» **Activity**: Starting at the line that contains "Estojo em couro" and ending at the line that contains "Смесевые барабаны. Смесевый", the lines below are to be given again exactly, with nothing added.

» **Exercise materials**:
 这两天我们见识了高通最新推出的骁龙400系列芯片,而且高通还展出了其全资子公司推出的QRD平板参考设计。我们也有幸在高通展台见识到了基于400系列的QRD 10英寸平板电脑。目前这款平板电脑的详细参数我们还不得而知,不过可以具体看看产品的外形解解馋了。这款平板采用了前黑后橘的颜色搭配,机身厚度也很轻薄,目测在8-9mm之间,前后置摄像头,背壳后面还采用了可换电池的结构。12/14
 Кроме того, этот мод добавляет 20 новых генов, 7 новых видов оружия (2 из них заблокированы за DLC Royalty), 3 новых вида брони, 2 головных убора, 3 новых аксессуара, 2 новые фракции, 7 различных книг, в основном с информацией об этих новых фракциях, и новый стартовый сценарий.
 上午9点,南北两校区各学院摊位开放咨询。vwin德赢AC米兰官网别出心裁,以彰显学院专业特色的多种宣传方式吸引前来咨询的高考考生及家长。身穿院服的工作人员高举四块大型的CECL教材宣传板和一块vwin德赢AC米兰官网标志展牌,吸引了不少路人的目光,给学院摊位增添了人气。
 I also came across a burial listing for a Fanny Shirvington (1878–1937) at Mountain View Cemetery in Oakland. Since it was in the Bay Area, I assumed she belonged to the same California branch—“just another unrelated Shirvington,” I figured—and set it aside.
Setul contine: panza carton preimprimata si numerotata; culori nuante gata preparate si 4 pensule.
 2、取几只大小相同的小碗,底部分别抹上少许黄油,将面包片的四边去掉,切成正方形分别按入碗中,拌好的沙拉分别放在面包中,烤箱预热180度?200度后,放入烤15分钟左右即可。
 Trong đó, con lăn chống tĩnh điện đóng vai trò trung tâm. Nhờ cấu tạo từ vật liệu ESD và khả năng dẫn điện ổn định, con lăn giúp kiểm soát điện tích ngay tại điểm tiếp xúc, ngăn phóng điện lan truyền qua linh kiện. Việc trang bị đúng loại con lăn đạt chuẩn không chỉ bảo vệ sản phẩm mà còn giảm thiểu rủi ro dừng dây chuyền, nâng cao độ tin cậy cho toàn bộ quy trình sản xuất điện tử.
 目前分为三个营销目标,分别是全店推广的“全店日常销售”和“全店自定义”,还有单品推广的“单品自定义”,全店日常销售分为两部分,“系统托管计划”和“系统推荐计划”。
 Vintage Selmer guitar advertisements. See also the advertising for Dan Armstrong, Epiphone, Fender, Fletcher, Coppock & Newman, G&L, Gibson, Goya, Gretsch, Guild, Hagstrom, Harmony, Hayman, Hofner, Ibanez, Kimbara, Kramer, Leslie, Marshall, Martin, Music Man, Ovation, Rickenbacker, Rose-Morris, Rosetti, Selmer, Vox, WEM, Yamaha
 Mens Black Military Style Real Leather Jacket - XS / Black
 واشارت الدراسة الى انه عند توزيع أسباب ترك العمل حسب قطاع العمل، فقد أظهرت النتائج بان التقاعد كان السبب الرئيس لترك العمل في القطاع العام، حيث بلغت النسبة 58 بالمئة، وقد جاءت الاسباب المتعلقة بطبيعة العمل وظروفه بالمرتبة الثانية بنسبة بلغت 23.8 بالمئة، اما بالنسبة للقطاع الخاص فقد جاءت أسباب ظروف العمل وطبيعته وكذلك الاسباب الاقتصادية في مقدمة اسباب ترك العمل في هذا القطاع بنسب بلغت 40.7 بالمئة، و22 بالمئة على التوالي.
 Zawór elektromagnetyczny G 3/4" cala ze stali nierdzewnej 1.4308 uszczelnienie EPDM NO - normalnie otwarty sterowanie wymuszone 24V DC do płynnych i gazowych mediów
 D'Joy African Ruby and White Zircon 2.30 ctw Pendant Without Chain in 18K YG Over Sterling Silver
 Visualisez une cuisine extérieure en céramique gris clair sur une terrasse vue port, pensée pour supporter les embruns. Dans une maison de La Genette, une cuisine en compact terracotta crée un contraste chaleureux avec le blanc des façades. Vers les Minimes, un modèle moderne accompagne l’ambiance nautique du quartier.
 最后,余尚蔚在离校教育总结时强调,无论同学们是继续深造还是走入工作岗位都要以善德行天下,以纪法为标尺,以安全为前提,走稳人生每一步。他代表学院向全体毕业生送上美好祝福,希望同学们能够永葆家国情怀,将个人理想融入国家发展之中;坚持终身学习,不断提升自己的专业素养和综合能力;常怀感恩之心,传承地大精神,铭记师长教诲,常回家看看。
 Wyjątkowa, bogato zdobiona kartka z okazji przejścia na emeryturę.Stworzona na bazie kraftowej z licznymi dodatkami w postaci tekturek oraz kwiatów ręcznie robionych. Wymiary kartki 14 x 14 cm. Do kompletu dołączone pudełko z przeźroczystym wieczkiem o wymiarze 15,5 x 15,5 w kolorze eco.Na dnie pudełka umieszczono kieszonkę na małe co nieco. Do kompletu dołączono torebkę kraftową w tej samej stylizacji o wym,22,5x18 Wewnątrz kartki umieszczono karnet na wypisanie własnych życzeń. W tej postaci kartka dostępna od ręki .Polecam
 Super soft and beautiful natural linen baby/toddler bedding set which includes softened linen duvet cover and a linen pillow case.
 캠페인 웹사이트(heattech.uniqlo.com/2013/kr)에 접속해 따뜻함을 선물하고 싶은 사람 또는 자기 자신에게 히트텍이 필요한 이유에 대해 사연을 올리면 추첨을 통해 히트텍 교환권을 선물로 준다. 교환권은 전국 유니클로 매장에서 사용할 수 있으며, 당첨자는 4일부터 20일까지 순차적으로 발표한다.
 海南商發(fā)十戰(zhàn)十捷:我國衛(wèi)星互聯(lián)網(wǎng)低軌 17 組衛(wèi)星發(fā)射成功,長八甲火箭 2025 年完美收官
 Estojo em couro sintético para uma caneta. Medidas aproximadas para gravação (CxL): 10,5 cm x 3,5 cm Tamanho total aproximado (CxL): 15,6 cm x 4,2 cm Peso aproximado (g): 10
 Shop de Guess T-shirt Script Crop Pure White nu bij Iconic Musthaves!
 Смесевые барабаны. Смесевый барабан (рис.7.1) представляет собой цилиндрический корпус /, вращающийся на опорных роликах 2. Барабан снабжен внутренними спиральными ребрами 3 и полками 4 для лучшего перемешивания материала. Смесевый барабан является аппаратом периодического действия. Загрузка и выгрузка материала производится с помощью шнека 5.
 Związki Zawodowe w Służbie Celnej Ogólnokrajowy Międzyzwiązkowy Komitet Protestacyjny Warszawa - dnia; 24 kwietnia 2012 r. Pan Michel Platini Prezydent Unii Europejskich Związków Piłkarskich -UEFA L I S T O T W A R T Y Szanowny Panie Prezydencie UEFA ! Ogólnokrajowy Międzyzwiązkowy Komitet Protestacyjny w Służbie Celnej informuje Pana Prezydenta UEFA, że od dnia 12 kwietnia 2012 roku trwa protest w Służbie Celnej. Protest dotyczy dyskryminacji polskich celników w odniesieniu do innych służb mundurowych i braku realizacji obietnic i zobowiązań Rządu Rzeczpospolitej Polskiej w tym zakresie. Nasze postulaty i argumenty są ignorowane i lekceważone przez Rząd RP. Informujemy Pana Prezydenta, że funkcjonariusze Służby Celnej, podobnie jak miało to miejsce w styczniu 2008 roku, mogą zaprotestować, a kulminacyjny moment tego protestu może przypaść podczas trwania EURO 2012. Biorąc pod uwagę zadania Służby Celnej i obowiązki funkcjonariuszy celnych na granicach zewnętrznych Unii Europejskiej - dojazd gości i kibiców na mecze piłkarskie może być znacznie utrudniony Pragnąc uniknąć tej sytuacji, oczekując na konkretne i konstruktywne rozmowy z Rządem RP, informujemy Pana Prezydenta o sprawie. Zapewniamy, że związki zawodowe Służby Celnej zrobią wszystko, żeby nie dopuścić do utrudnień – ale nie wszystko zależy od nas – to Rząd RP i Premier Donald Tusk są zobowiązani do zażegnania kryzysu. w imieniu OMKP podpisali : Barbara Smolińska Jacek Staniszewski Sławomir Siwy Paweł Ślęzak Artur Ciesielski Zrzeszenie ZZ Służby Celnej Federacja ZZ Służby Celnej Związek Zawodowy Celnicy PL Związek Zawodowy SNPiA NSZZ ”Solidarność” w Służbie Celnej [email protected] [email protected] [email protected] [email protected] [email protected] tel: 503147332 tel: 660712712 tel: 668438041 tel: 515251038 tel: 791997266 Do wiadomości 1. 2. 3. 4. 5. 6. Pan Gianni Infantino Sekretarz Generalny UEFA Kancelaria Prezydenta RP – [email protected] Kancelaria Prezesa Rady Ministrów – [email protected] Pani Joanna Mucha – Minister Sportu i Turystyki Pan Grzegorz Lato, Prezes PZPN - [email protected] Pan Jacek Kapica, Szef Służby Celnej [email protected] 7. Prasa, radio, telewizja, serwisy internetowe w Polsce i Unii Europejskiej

» **Response**:
 Estojo em couro sintético para uma caneta. Medidas aproximadas para gravação (CxL): 10,5 cm x 3,5 cm Tamanho total aproximado (CxL): 15,6 cm x 4,2 cm Peso aproximado (g): 10
 Shop de Guess T-shirt Script Crop Pure White nu bij Iconic Musthaves!
 Смесевые барабаны. Смесевый барабан (рис.7.1) представляет собой цилиндрический корпус /, вращающийся на опорных роликах 2. Барабан снабжен внутренними спиральными ребрами 3 и полками 4 для лучшего перемешивания материала. Смесевый барабан является аппаратом периодического действия. Загрузка и выгрузка материала производится с помощью шнека 5.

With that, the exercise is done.